The effects of temperature on the swelling properties of smectites are important for a variety of different geological conditions, but studies on this topic have been rather limited. The purpose of this study was to investigate the swelling behavior of Na- and Ca-montmorillonite at various temperatures greater than room temperature, up to 150°C, using in situ X-ray diffraction (XRD) analysis. A sample chamber was designed, the temperature and humidity of which were controlled precisely, for environmental in situ measurements. The XRD measurements were performed at small relative humidity (RH) intervals for precise observation of the swelling behavior.

The swelling behavior of Na-montmorillonite showed distinct zero-, one-, and two-layer hydration states. The basal spacings of Na-montmorillonite changed continuously with RH for various temperatures in the transition region between the zero- and one-layer hydration states, and the swelling curves of the transition region moved to greater degrees of RH with increasing temperature. The basal spacings jumped from the one- to two-layer hydration states for all temperatures at almost the same RH.

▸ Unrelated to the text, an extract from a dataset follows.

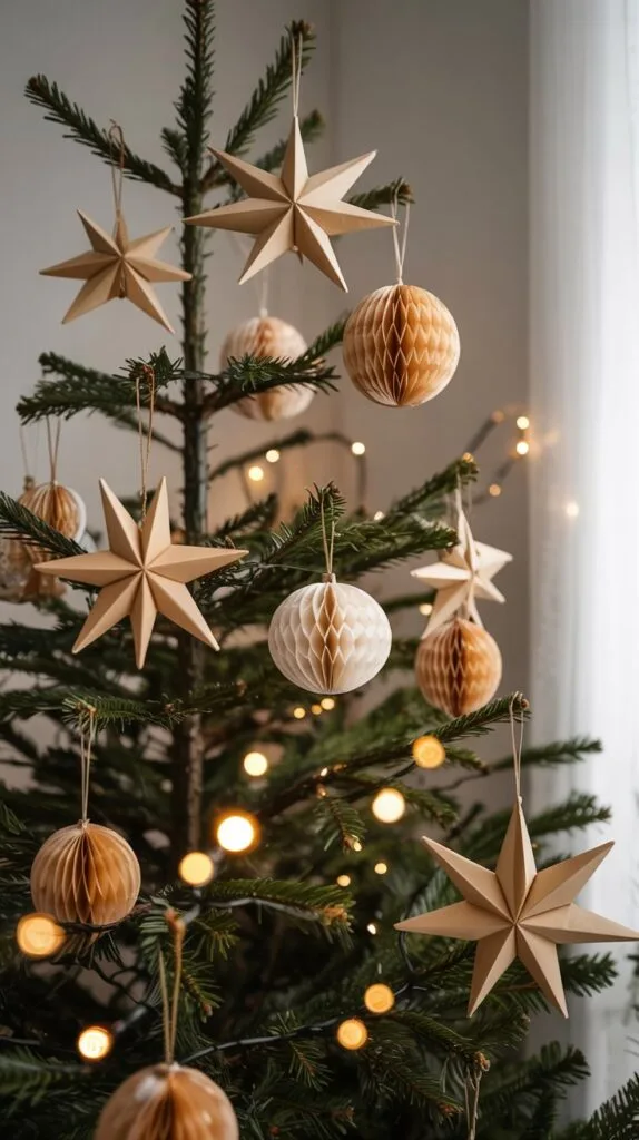 Paper decorations — especially origami or honeycomb styles — bring sculptural beauty without visual noise.
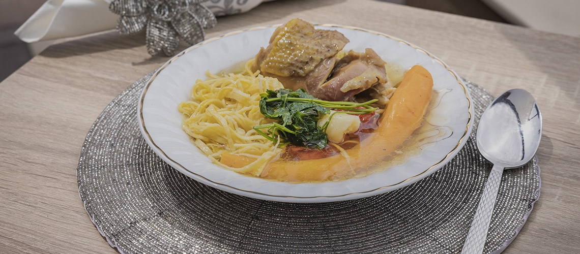 A marhahúst kissé előfőzzük, lehabozzuk, előkészítjük a főzésre. Egy nagy lábasban vizet forralunk, beletesszük a marhahúst, majd mikor már kiengedte a zsírját, beletesszük a tyúkot is. Ezt követik a zöldségek. Sózzuk, a krumplit csak később tesszük bele. A levest nagyon lassú tűzön készre főzzük.

The basal spacings of Ca-montmorillonite changed continuously from the zero- to the two-layer hydration states at all temperatures. This behavior is remarkably different from that of Na-montmorillonite. At low-RH conditions, the d001 value of Ca-montmorillonite decreased with increasing temperature. The swelling curves of Ca-montmorillonite did not show a plateau at any temperature for the one-layer hydration state. The swelling curves of Ca-montmorillonite moved to greater RH with temperature, similar to the transformation region between the zero- and one-layer hydration states in Na-montmorillonite. These differences between Na- and Ca-montmorillonite are related to the hydration powers of exchangeable cations.